Requirement:
From the first line of the records down to the one that holds "The Aubusson Rug", transcribe each line exactly and add nothing.

Input for this task:
#####

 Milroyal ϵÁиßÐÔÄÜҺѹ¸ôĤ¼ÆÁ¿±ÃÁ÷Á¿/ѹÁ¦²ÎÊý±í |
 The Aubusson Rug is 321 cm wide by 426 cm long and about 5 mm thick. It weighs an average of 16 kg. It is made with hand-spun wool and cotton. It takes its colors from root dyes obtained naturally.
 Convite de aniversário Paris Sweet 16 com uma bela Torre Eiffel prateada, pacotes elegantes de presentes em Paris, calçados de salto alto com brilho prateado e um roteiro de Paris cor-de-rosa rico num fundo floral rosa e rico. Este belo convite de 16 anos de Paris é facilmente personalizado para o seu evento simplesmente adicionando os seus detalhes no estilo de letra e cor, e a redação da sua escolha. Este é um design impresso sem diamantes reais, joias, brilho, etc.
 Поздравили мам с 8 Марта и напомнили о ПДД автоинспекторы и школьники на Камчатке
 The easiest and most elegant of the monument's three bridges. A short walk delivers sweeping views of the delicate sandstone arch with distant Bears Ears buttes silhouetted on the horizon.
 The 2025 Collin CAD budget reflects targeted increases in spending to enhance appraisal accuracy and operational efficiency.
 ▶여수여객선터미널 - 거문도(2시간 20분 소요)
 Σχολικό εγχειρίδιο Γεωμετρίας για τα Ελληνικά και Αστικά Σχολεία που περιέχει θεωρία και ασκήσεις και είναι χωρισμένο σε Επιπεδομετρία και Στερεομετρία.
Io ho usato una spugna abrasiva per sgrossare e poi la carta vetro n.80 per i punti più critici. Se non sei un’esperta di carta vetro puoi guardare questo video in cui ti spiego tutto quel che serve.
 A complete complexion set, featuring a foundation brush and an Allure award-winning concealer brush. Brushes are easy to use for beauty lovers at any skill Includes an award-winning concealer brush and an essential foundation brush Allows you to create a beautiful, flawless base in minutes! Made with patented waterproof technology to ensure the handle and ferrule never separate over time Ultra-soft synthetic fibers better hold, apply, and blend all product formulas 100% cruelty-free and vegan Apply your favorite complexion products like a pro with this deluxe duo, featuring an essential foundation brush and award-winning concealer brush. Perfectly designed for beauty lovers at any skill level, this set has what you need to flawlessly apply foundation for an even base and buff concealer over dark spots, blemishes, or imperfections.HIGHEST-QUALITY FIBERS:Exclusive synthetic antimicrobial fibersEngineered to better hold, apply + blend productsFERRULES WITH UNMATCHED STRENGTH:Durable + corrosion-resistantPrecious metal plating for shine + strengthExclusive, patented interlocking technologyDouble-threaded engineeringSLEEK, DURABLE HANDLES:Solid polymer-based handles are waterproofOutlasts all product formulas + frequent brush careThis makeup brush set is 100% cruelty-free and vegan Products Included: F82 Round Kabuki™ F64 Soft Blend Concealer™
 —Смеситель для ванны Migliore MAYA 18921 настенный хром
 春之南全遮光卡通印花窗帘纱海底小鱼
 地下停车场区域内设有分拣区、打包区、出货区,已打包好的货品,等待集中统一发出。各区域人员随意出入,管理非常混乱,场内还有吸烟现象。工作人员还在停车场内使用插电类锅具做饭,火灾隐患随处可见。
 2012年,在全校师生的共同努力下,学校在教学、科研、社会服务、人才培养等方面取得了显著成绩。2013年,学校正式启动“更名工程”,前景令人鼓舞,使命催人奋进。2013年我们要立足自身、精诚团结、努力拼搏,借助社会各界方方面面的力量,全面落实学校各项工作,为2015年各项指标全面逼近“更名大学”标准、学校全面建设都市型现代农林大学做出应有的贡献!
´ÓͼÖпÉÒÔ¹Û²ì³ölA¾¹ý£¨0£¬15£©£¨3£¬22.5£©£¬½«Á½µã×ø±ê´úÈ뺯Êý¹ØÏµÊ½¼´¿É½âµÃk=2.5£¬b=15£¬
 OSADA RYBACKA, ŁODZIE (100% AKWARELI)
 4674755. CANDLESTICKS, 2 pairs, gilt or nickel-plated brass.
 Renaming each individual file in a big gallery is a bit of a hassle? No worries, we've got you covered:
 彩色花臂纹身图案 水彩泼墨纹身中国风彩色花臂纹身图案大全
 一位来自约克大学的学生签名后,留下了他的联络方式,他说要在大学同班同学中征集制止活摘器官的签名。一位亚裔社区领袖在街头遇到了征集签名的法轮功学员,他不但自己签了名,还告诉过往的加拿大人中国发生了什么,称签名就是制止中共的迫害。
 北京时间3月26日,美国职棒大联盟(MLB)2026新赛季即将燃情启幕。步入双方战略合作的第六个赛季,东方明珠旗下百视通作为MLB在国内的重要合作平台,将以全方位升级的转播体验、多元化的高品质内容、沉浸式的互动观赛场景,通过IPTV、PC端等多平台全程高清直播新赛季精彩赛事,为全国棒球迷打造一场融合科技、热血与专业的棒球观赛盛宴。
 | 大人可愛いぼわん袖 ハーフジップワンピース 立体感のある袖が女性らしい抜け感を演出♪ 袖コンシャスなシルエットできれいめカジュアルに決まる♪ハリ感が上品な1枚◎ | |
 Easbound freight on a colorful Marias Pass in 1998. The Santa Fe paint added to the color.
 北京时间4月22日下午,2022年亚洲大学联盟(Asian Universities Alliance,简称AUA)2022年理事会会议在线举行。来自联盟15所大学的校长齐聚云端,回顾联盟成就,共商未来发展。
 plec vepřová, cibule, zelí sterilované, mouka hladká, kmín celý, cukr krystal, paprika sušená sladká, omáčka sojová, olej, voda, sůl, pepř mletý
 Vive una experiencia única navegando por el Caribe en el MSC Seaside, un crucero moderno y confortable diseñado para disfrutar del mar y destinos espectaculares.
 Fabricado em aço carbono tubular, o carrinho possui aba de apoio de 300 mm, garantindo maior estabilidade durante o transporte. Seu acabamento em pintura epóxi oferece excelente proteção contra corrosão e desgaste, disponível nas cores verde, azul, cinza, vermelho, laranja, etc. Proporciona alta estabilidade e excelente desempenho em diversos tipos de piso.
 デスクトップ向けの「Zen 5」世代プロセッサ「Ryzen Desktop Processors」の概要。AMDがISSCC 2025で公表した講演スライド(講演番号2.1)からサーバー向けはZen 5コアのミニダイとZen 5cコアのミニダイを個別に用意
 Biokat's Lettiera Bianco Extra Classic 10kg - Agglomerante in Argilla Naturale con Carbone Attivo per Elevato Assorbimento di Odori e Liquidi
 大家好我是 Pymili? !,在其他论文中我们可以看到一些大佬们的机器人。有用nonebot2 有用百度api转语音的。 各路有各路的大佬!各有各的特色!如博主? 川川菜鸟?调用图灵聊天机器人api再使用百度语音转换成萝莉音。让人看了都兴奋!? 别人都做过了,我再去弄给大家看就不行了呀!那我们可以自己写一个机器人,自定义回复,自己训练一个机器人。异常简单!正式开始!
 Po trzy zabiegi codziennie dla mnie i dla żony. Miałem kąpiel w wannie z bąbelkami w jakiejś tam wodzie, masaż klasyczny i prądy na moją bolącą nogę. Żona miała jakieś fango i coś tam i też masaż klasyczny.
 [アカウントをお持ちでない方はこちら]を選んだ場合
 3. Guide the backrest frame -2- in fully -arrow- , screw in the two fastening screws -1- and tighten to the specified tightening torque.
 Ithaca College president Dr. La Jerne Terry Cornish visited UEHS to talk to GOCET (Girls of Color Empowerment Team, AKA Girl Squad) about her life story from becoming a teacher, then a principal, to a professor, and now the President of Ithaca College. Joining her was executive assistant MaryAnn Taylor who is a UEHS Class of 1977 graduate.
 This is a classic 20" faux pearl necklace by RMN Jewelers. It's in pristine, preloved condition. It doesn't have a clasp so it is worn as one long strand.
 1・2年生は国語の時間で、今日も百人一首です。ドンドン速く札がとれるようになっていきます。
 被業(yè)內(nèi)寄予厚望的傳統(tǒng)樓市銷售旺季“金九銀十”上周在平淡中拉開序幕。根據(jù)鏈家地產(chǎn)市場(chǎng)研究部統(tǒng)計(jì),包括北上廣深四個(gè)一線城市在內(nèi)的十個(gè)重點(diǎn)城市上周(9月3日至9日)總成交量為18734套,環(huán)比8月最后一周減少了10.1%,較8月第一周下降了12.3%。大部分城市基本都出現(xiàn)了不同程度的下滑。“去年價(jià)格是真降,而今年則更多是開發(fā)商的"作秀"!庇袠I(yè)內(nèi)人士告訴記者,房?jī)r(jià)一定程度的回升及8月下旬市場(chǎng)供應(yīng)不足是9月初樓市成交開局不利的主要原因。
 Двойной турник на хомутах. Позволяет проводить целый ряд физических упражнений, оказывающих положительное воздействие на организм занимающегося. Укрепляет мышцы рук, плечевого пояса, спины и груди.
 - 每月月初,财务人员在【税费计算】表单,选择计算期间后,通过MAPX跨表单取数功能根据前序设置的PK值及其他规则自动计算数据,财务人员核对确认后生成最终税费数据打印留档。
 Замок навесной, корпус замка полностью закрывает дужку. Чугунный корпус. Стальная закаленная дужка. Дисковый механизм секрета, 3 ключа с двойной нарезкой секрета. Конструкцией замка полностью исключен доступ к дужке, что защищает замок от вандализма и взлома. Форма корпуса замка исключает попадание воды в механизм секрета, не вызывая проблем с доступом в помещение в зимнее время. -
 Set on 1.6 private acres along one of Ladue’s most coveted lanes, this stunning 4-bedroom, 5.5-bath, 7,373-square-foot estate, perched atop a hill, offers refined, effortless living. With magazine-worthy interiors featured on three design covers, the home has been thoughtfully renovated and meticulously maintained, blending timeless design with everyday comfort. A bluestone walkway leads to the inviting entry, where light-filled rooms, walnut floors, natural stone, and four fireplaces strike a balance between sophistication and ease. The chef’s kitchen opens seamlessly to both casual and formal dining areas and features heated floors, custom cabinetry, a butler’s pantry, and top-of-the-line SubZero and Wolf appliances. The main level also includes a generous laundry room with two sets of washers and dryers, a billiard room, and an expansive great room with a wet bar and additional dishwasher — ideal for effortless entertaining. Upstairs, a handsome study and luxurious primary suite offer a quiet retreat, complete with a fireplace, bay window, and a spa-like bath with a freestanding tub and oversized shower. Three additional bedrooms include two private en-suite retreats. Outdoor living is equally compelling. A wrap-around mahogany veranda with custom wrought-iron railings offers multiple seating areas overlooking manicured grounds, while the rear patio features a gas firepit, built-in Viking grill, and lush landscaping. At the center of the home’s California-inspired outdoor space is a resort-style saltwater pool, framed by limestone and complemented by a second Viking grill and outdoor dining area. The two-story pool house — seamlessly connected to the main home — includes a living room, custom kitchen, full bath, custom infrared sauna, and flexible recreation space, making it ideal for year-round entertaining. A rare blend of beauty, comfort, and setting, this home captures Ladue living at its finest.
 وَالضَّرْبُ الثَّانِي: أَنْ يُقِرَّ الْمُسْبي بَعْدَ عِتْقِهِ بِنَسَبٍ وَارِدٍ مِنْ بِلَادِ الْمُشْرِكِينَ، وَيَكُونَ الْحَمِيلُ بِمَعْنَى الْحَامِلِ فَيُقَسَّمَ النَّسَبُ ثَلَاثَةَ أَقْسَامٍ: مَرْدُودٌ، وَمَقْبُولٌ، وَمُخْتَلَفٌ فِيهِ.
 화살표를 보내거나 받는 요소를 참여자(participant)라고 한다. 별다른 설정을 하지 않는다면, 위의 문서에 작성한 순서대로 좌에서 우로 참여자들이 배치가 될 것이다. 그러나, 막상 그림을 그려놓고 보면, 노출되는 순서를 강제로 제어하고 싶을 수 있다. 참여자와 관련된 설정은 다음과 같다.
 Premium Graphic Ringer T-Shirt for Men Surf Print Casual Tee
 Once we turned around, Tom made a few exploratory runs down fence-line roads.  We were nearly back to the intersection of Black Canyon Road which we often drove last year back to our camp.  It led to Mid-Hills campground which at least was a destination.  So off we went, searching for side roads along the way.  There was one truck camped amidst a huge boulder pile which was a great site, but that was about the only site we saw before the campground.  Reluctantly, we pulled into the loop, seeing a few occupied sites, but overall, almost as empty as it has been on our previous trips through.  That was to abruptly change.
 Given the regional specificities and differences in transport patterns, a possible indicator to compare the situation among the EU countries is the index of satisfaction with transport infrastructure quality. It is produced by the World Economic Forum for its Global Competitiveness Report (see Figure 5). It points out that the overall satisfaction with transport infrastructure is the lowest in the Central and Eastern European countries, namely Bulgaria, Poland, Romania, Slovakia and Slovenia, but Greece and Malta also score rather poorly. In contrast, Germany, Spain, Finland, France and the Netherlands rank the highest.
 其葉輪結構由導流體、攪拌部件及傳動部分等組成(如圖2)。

#####

Solution to the exercise:
 Milroyal ϵÁиßÐÔÄÜҺѹ¸ôĤ¼ÆÁ¿±ÃÁ÷Á¿/ѹÁ¦²ÎÊý±í |
 The Aubusson Rug is 321 cm wide by 426 cm long and about 5 mm thick. It weighs an average of 16 kg. It is made with hand-spun wool and cotton. It takes its colors from root dyes obtained naturally.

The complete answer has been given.